Jay stops dead at that, eyes growing wide.

“Jay?” I say, softly.

He lets out a whimper of fear and moves so fast I fall back into a tree as he impacts hard into my chest, shoving his right cheek against my chest and sucking violently on his right thumb before he’s simply gone: vanished from sight, even from all the ways in which a magician can see the world, though I can still feel and hear him.

“Jay.” I wrap my arms gently around him and he quivers, still hidden. Still terrified. He hasn’t had to move like he can in a long time. “It’s okay,” I say. “I didn’t think. I didn’t mean to hurt you.”

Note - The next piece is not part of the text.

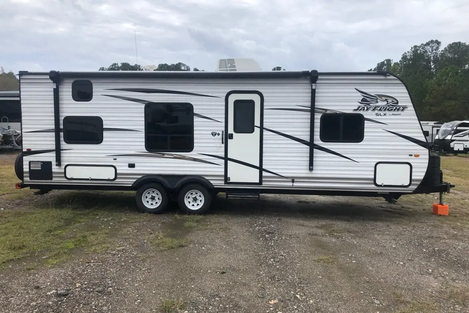 See below for delivery prices. $10 off per night for repeat renters. Refer a friend and I'll give you $25!! The Jayco Jay Flight bunkhouse is easily towable with pretty much any truck, full size SUV's and some mid-sized SUV's. 29'5", only 4700 pounds with electric brakes. 7 point wiring harness with brake controller required. I supply a multi position drawbar with anti-sway to get your tow height squared away. No weight distribution needed. Very easy to tow. Very stable. 16 foot power awning. Power front hitch. RV Queen bed up front with curtain, with very comfortable mattress. Rear double bunk over double bunk. Dinette makes into a bed and the jackknife sofa does as well. Sleeps 8 with ease, 10 if you have small children. 3 inch foam toppers on both of the bunks. Fully stocked. Sheets, pillows, blankets, towels, everything included. 15K Ducted air with digital thermostat. Electric/gas refrigerator. Easy to use Day/Night shades. TV with DVD player in the living. Inside and outside speakers with aux input. Lots of storage throughout. All you need to bring is food, clothes and toiletries.

“Really?” His voice is thin, scared, and he becomes visible, pulling his thumb free of his mouth with an effort as he lets me hold him, trembling still.

I reach down and raise his chin gently. “I think you know better than to doubt that.”

Some colour seeps into his cheeks as he blushes. He doesn’t offer up what his mom was, or whatever she must have tried to do to him. I hold him until he finally lets go on his own a good ten minutes later. It’s been weeks since he’s felt the need to cling, to emphasize the bindings between us this hard.

“Feeling better?”

“No,” he says, then pulls out the ghost of a grin from somewhere. “Can I get my battery back now?”

“No.”

Jay sticks out his tongue at that and looks a little better, walks a few steps and then stops. “Nathen?”

He doesn’t use my real name often, and not only because I like to keep it private. “Yes?”

“There ith a day for fatherth too?”

“Like Mother’s Day? Yes.”

Jay knows I killed my father, though no details as to the kind of magic my father was doing, or why it was necessary. He’s never asked; for all I know it’s entirely normal in the part of Outside he is from for childen to destroy parents. He is quiet for a little while, then ventures: “Ith it going to be worthe than today?”

“Probably not.”

“Oh. Good.” And he says nothing else at all, not even asking about his phone, just walks over beside me and wraps a hand in mine to squeeze it. Offering strength, as best he can.

I squeeze his hand in turn, and ask no questions about his mother, or his family at all. We just walk through the woods until day slowly turns into night, keeping company with our silences. There are days, and today is sometimes one of those, where I wish I’d never become a magician at all. I let out a breath and pull the battery for Jay’s phone from out of the air beside me.

He takes it, then places it in his other pocket without a word.

I think today might turn out be a good day after all.